Jeffrey’s right in suggesting that we sometimes need to go slower to go faster, unfortunately he makes the mistake of believing that committing and releasing in very short cycles is the cause of these problems:
My programming style is defined by organic arcs of different sizes and timescales, Each arc starts with exploration, trial and error, hacks, and temporary variables. Basically, a good deal of scaffolding. A picture begins to take shape. Later on, I come back and dot my i’s and cross my t’s. The end of each arc is something like implementation-ready code. (“Cleaning my studio” is a necessary part of finishing the cycle). The development arc of my code contribution is synonymous with the emergence of a strategy, a design scheme, an architecture.
This kind of design and development arc is completely independent of how often the developer commits or how often a release is taken. As you speed up your commit and release cycle, you mostly shouldn’t change the design and development process of any given change you simply reduce the size of the change. By tackling much smaller problems at a time it’s much easier and quicker to go through the full arc of understanding, experimenting, scaffolding, building and tidying.

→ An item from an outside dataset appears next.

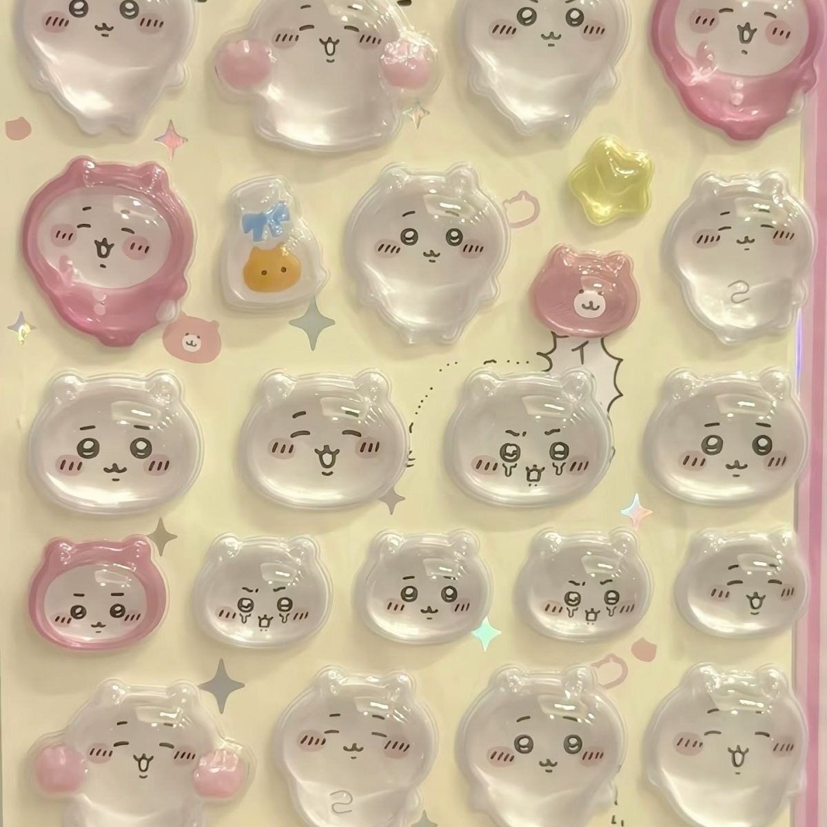 新款跨境可爱吉一卡娃人物PVC水晶立体贴纸乌萨期小八吉一贴纸

Part of making each small change is considering how it fits in with and modifies the overall system design. Bad development teams forget this and wind up with an awful mishmash of designs all cobbled together, but that’s a reflection of the team’s design ability, not of the process. Good teams gradually adjust the system design as they go, sometimes in subtle ways sometime with more radical changes. Doing so means the system design is optimal for each stage of its life.

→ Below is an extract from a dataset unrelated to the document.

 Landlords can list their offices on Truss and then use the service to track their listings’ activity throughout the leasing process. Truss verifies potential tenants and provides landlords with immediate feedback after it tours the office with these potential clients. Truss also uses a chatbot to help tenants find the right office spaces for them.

Maybe [the machine-gun committer] IS doing the same as you, just sharing the progress with the team, so people can spot obvious mistakes earlier and see the approaches and stop him in time if they have more experience with the way they are trying to go?
You are basically advocating waterfall. And the issues you face have nothing to do with the speed of coding and the number of commits.
That’s not to say that there isn’t value in the saying “Go slower to go faster” but the much better way to phrase it is “Less Haste, More Speed”. It’s not about going slow, it’s about not rushing and doing a good job. It means taking the time to break down large changes into smaller, simpler incremental changes so you don’t have to deliver them all in one go. It means considering what adjustments to the overall system design are required for each change to make it fit in well.
And it means committing and releasing more often. Regularly investing time to prove things are completely finished and sent off to users instead of building that time up as technical debt because you’re attempting to make too big a change at once.
You don’t go faster by simply trying to go faster – you go faster by identifying and eliminating bottlenecks which requires you to do things that individually appear to make you go slower but make the overall system go faster. Committing and releasing regularly (continuous integration and continuous deployment respectively) are solutions to the bottle neck of horrendous merge and release processes that result from not doing them regularly enough.